A czy Pan John zakładał gazetę w celu wykopania MGG nie wiem, wiem natomiast, że go nie trawił jako i ja, a jaki był mój udział w tym wykopywaniu? Zaiste niemały, wszak obecny proces z udziałem tego niewykształconego nieuka , wizyta ABW i inne atrakcje to właśnie ja temu komuś zafundowałem, we własnej osobie i zawsze się pod każdym moim ruchem podpisywałem. Innych faktów nie znam.
0 0
A kto to jest ten MGG?
0 0
pan boreel to cwaniak liczy się tylko dobro osobiste i biznes ludzie dla niego są nic nie warte przez program pani jaworowicz chce pokazać się z dobrej strony.znam go z drugiej gorszej
0 0
Pewnie ta wypowiedż zostanie wycięta, ale ten BORELL wydał PASZKWIL na Gołuńskiego.Dwa dni przed wyborami, ,jego pieski roznosiły tą "gazetkę" po domach.Pani Małgosiu, pani tu jeszcze nie było, ale to był chwyt poniżej pasa.To były osobiste porachunki.Gołuński miał zaklejone oczy jak przestępca, w tej gazecie.Maczali wtym palce potakiwacze obecnej pani burmistrz. Czekam z utęsknieniem kiedy i ONA odejdzie w taki sam sposób.Panie Wojtku, pan to wie i jeżeli wytnie pan mój komentarz, to będzie znaczylo.... o czym wszyscy po cichu mówili ,pan też miał w tym swój udział.Dlatego na tym forum nie krytykuje się pani burmistrz.Mogę nawet napisać do Pani Jaworowicz o wyczynach tego BORELLA.
0 0
miał oczy zasłonięte... A co miał mieć? Kieszeń, żeby nie było widać ile się nachlapał? Powinien odejść w kajdankach, i tak opiekło mu się.

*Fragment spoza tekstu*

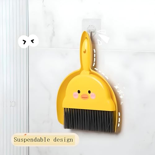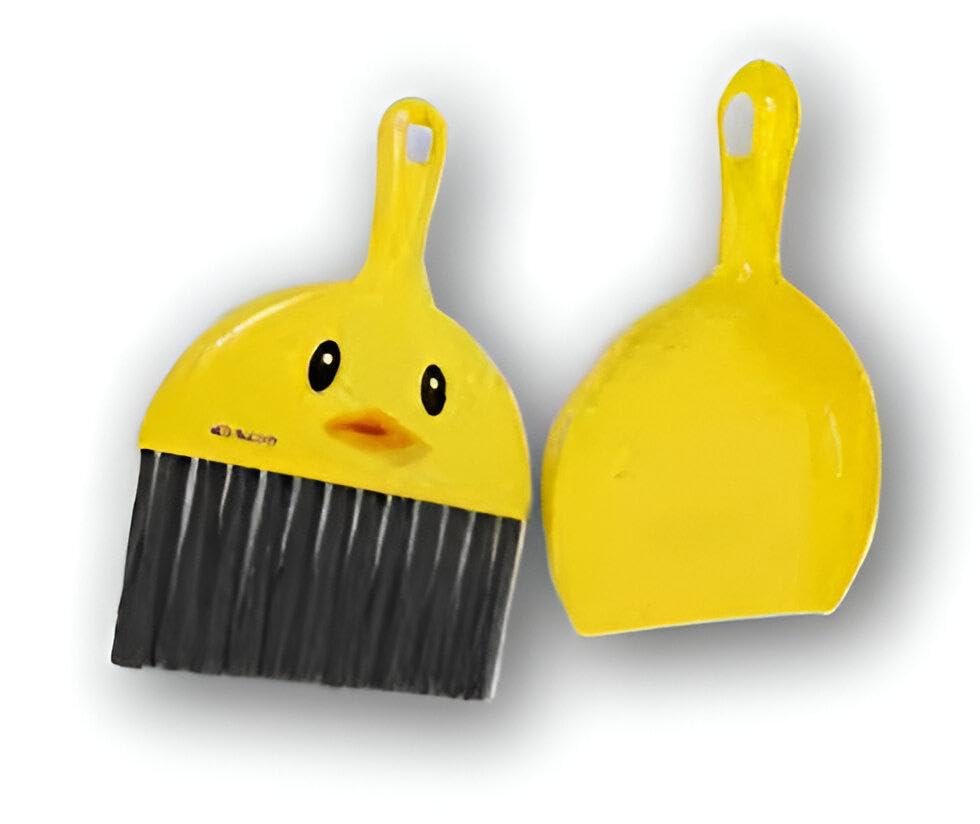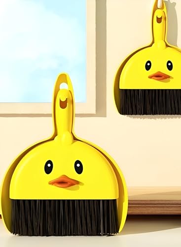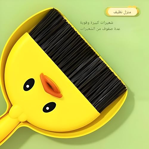 Generic - اداة كنس - مكنسة صغيرة ومتينة مع جاروف بلمسة نهائية صفراء ولمسة نهائية على شكل بطة، توفر الراحة والأناقة لتنظيف فعال لأسطح الأرضيات المختلفة

Takiego hochsztaplera jak ten to Kaszuby nie zobaczą lata jeszcze.
I popluj sobie p.Halino na pana Johna, na mnie, na Wojtka - my stanęliśmy wówczas po właściwej stronie.
0 0
Borrell pomaga ludziom dookoła, daje pracę, oczywiście
nie godzi się na wykorzystywanie i naciąganie różnym cwaniakom, ktorzy myslą ,że jak Borrell ma pieniądze to mozna go prostu oszukać.
0 0
Pani Halino,
Jestem niczyim potakiwaczem, to jest pewne jak drut.

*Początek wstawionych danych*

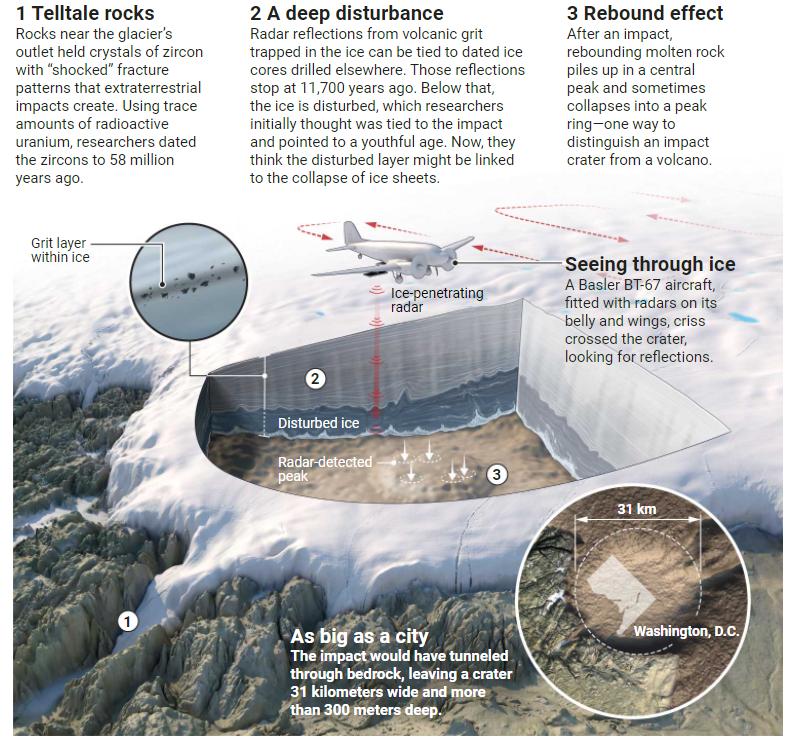 这颗小行星砸向地球并留下了一个三十一公里宽、一公里深的火山口。这个陨石坑足以容纳整个华盛顿特区。今天,这个陨石坑位于格陵兰岛西北部的海华沙冰川之下。从冰川流出的河流为研究人员提供了5800万年前被撞击过度加热的沙子和岩石。
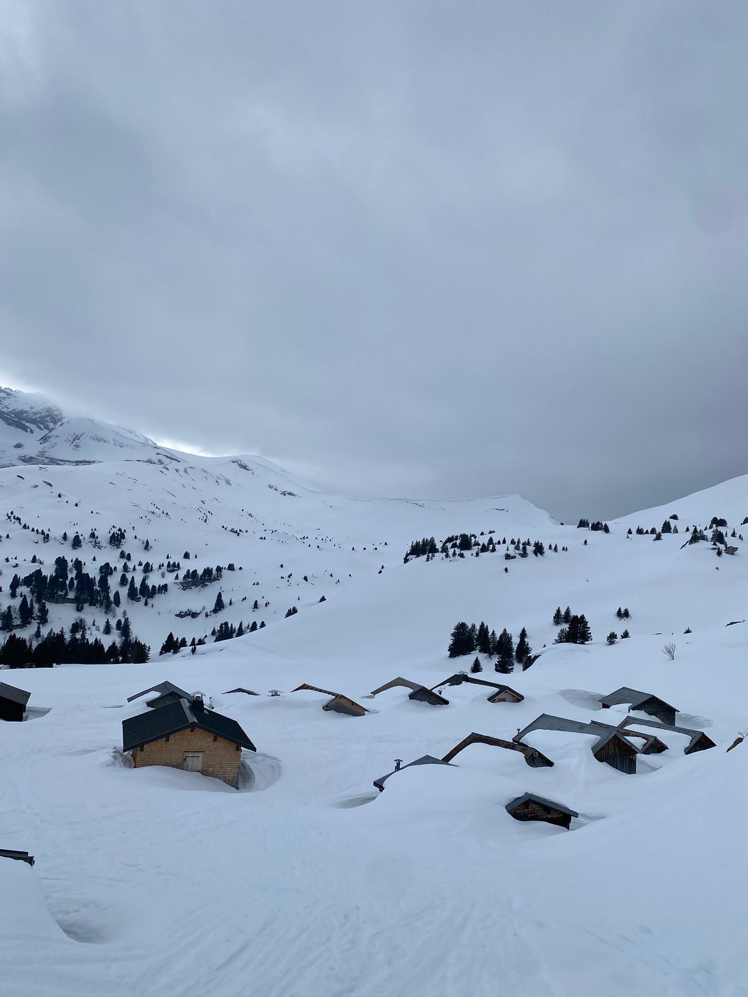 Nous nous retrouvons et continuons notre descente tous ensemble telle une équipe soudée depuis des millions d’années. Une pause casse croûte s’impose et ce n’est pas pour déplaire à notre palais que Freddy le vaillant cuistot nous offre ses cookies maison arrosés par une pointe de gnole du père Bert. Avec ça dans le bide autant vous dire qu’on était d’attaque pour remonter jusqu’aux chalets de cherentes avant d’entamer notre dernière et ultime descente dans la neige croutée.
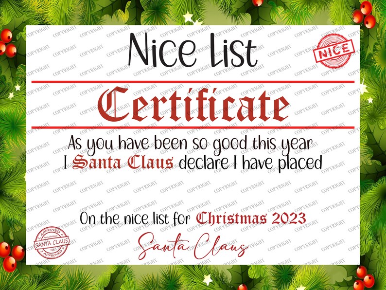 3 Adorably Cute Santa Nice List Certificates Cassie Smallwood. The Santa Claus Nice List (The Good List 2025) Check out the very latest Nice List reports from Sherlock Elf and the scout elves at the Noddy N' Nice Elf Detective Agency! (Check out Santa's Naughty List here or send your own Nice Report about someone) Alyssa W., 21 - Canada Nice Report: Award-winning Santa Claus site for parents and kids
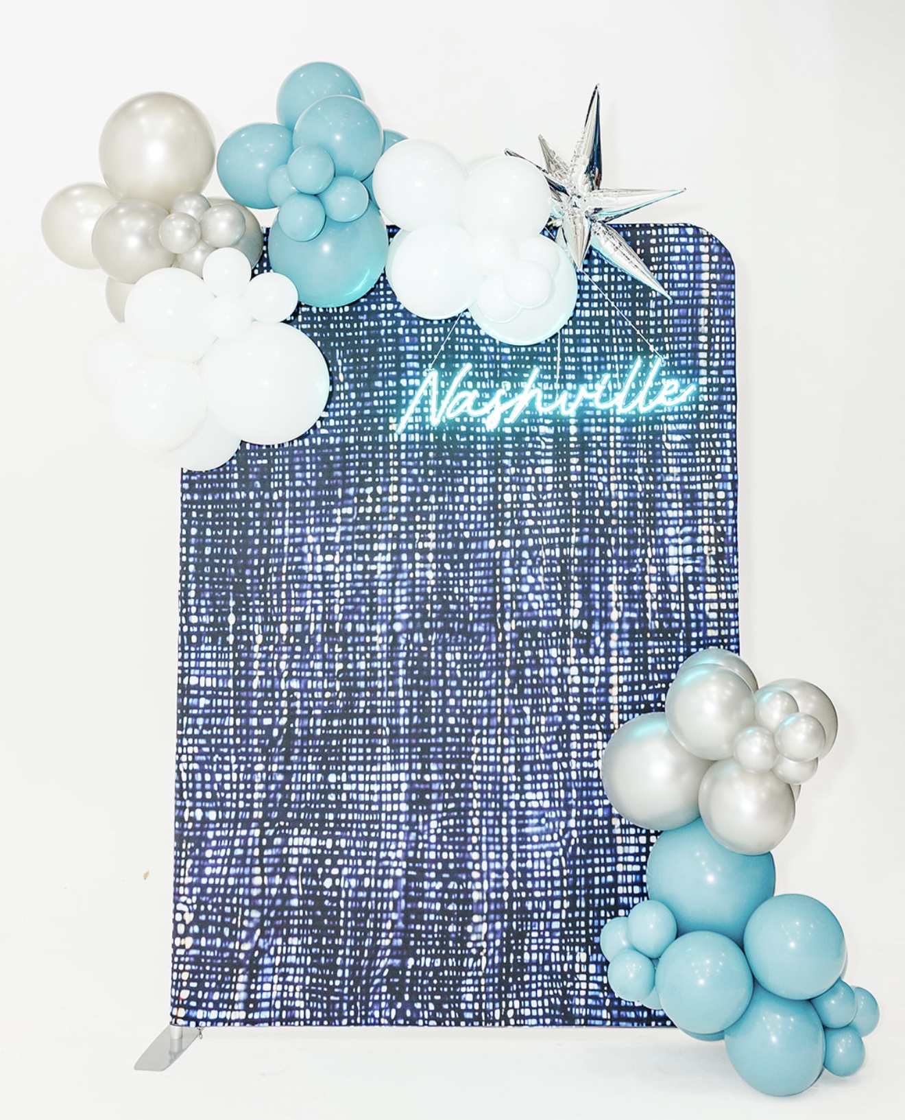 Party Wall Backdrop (blue jean) with 6 ft of balloons, 2 foils, neon happy birthday sign, 30 helium balloons Blues and greens Bootleggers 2nd floor Setup 4:30 pm Party starts at 6pm
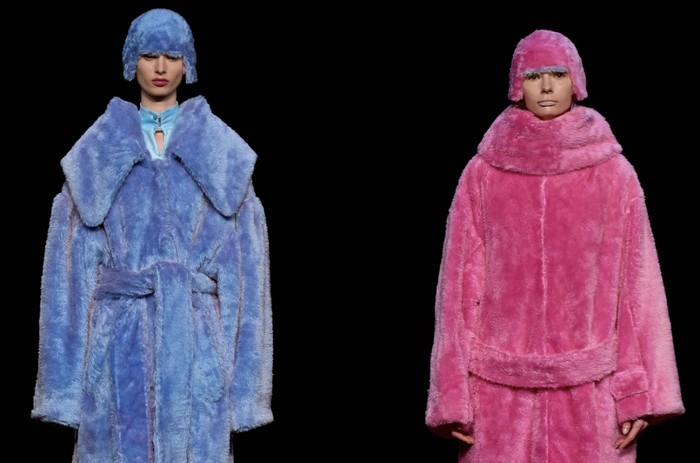 Pewarnaan faux-fur menggunakan sinar UV perdana ditampilkan dalam peragaan ini. Selain dari faux-fur coat bercetak monogram, sejumlah robe bulu dipresentasikan dalam warna lebih berpigmentasi di penghujung peragaan busana, yaitu biru dan merah jambu yang seragam dengan topi.
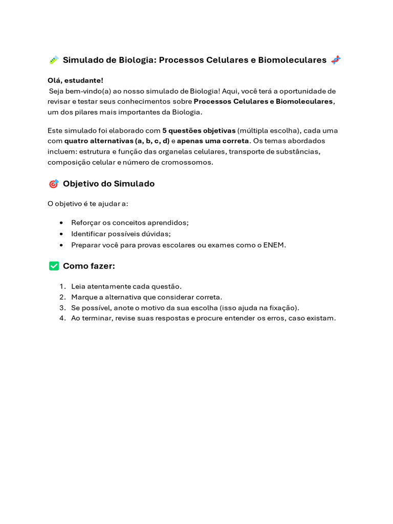 Simulado de Biologia: Processos Celulares e Biomoleculares
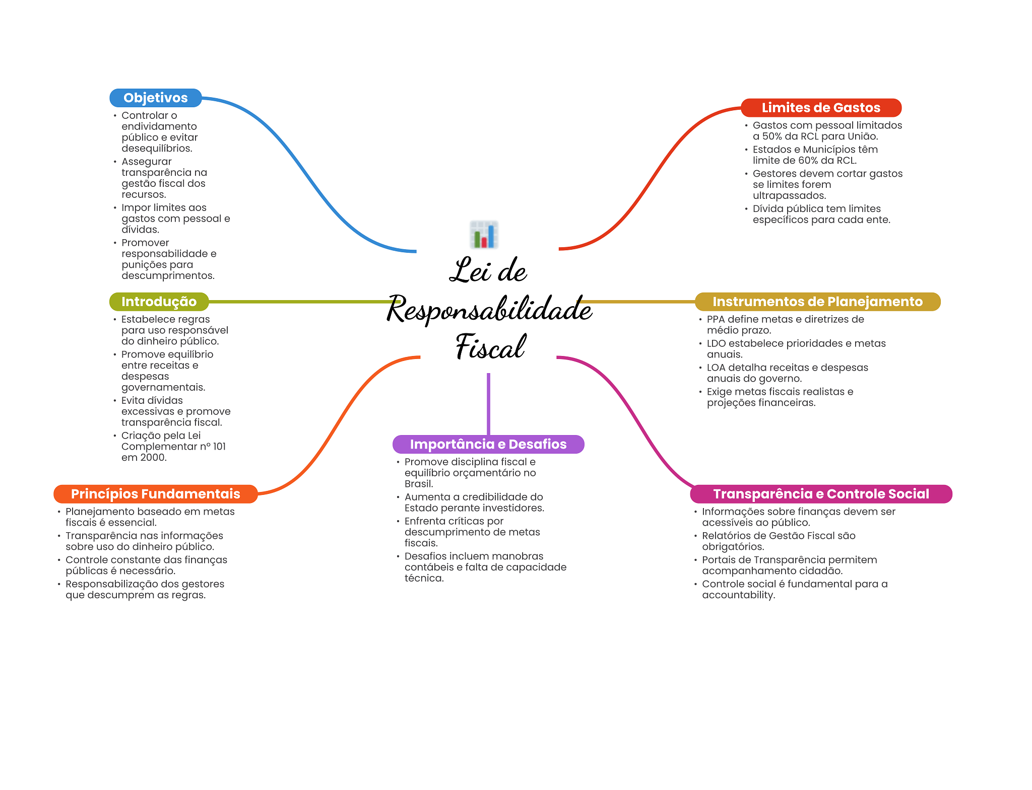 Objetivos Limites de Gastos Controlar endividamento Gastos com pessoal limitados público e evitar a 50% da RCL para União. desequilibrios. Estados e Municípios têm Assegurar limite de 60% da RCL. transparência na Gestores devem cortar gastos gestão fiscal dos se limites forem recursos. ultrapassados. Impor limites aos Dívida pública tem limites gastos com pessoal e específicos para cada ente. dívidas. Promover responsabilidade e punições para descumprimentos. Leide Introdução Responsabilidade Instrumentos de Planejamento Estabelece regras PPA define metas e diretrizes de para uso responsável médio prazo. do dinheiro público. Promove equilíbrio Fiscal LDO estabelece prioridades e metas anuais. entre receitas e LOA detalha receitas e despesas despesas anuais do governo. governamentais. Exige metas fiscais realistas e Evita dívidas projeções financeiras. excessivas e promove transparência fiscal. Criação pela Lei Complementar n° 101 Importância e Desafios em 2000. Promove disciplina fiscal e equilíbrio orçamentário no Brasil. Princípios Fundamentais Aumenta a credibilidade do Transparência e Controle Social Planejamento baseado em metas Estado perante investidores. Informações sobre finanças devem ser fiscais é essencial. Enfrenta críticas por acessíveis ao público. Transparência nas informações descumprimento de metas Relatórios de Gestão Fiscal são sobre uso do dinheiro público. fiscais. obrigatórios. Controle constante das finanças Desafios incluem manobras Portais de Transparência permitem públicas é necessário. contábeis e falta de capacidade acompanhamento cidadão. técnica. Responsabilização dos gestores Controle social é fundamental para a que descumprem as regras. accountability.

Jedno jest pewne, Pan MGG nie jest czysty jak łza i nie wielu jest polityko-władzowatych osób czystych jak łza. Widać to po efektach zarządzania regionem. Wystarczy popatrzeć, co zostało zrobione i jak zostało zrobione. Nikt nie twierdzi, że to co teraz obecne - jest dobre i czyste jak łza. Fakty świadczą same za siebie.
Po to istnieje Express Kaszubski. Żeby o tym pisać.
Dopóki uprawia się politykę zakłamania i samouwielbienia, dopóty w naszym regionie i w Polsce nie będzie dobrze. Trzeba przede wszystkim, skończyć z obiecankami-cacankami, nauczyć się mówić prawdę, przestać cwaniaczyć i nauczyć się popierać to co dobre, nawet jak to nie wyszło z 'naszej Partii'. Jest coś takiego jak 'wspólne dobro' zamiast własne, moje i moich kolegów partyjnych. W Polsce większość porachunków jest prowadzonych na szczeblu osobistym a nie faktycznym i dzięki temu mamy tyle błota, że nawet żaba może się utopić. Ploty, pomówienia, waśnie o drobiazgi, judzenie, zakłamanie, i ta tzw. 'Moja Wielka Prawda' i 'Moja Wielka Wiara w Moją Wielką Prawdę'. Nie daj Boże, mieć inną opinię, bądź zacząć zadawać pytania! Reakcja natychmiastowa. Zatłuc Wroga! Zatłuc Obcego!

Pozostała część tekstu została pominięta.